Why is Hinduism spreading in Russia



Christianity has spread across all five continents over the centuries. Around 2.05 billion people today profess to be part of the largest of the world's religions, i.e. almost a third of the world's population.

Religions worldwide
Christianity has an undisputed supremacy especially in Europe and on the American continent, in the north and south of which some natural religions have been preserved, albeit only in extremely sparsely populated and not yet industrialized retreat regions. In sub-Saharan Africa there are scattered Protestant and Catholic majorities, with a focus on the south and west. On the Asian continent, Christianity is mainly represented by the Orthodox and Orientals of Russia and by the predominantly Catholic Philippines. In Indonesia, almost 20 million people profess the Christian faith, mostly Protestantism. In Australia, as in New Zealand, the almost equally large faith groups of Anglicans and Catholics together with Orthodox Christians make up a little over half of the population.
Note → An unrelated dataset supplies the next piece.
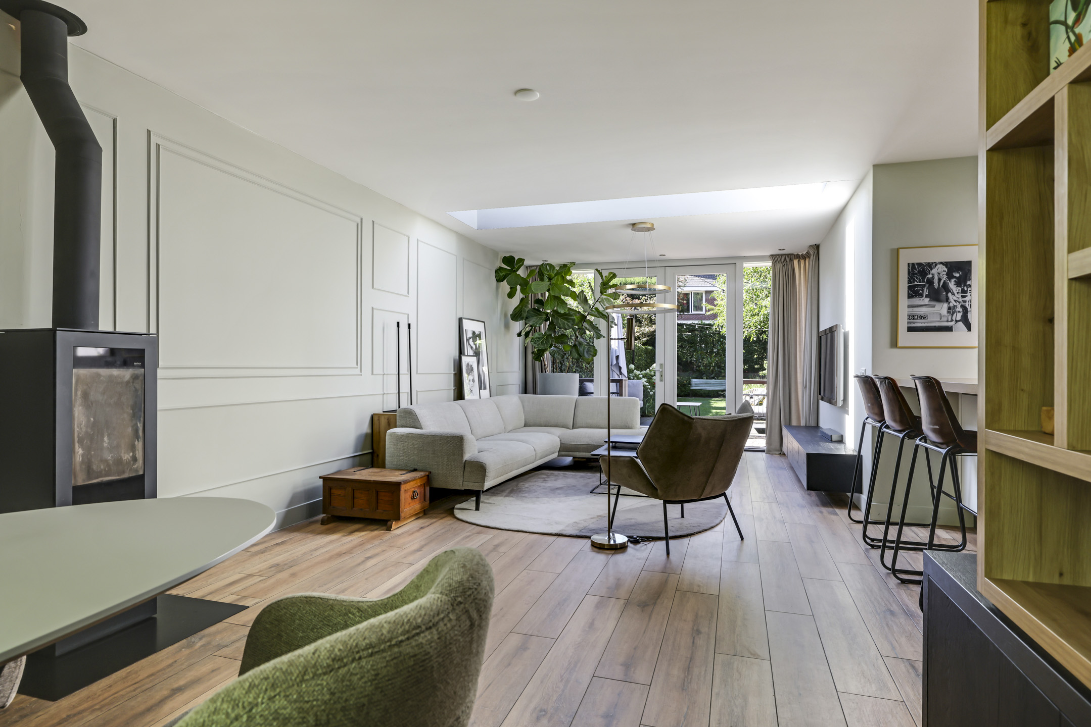 Deze karaktervolle gezinswoning (oorsprong 1948) met een uitzonderlijke breedtemaat van maar liefst 7,1m (binnenmaat) is nog geen 10 jaar geleden volledig gestript, gerenoveerd en verduurzaamd. Het resultaat is een bijzonder sfeervol en instapklaar huis met smaakvolle details dat aan alle wensen en wooncomfort voldoet. Denk daarbij aan een heerlijke doorzon-woonkamer met houtkachel, vloerverwarming, dubbele tuindeuren en een brede lichtstraat. De keuken is stijlvol met een schiereiland ontworpen en voorzien van een betonciré werkblad. De bijkeuken is met name erg praktisch te noemen.

Islam has expanded the important area of ​​expansion, which it conquered especially in the 7th and 8th centuries, in all four directions and in particular in South and Southeast Asia, namely in Indonesia, Pakistan, Bangladesh and India, as well as in the northern half and on found a large number of followers on the east coast of Africa. In the north, Russia forms the limit of its area of ​​distribution. On the European continent, Muslim majorities can only be found in Turkey and Albania, while the Muslims in Bosnia and Herzegovina, Macedonia and Bulgaria form larger minorities.
The largest number of professing Jews have lived in Israel since the end of the diaspora, which lasted for almost two millennia. In addition, there are smaller or larger Jewish communities almost all over the world, especially in the USA; the most important are those of New York, Chicago, and San Francisco.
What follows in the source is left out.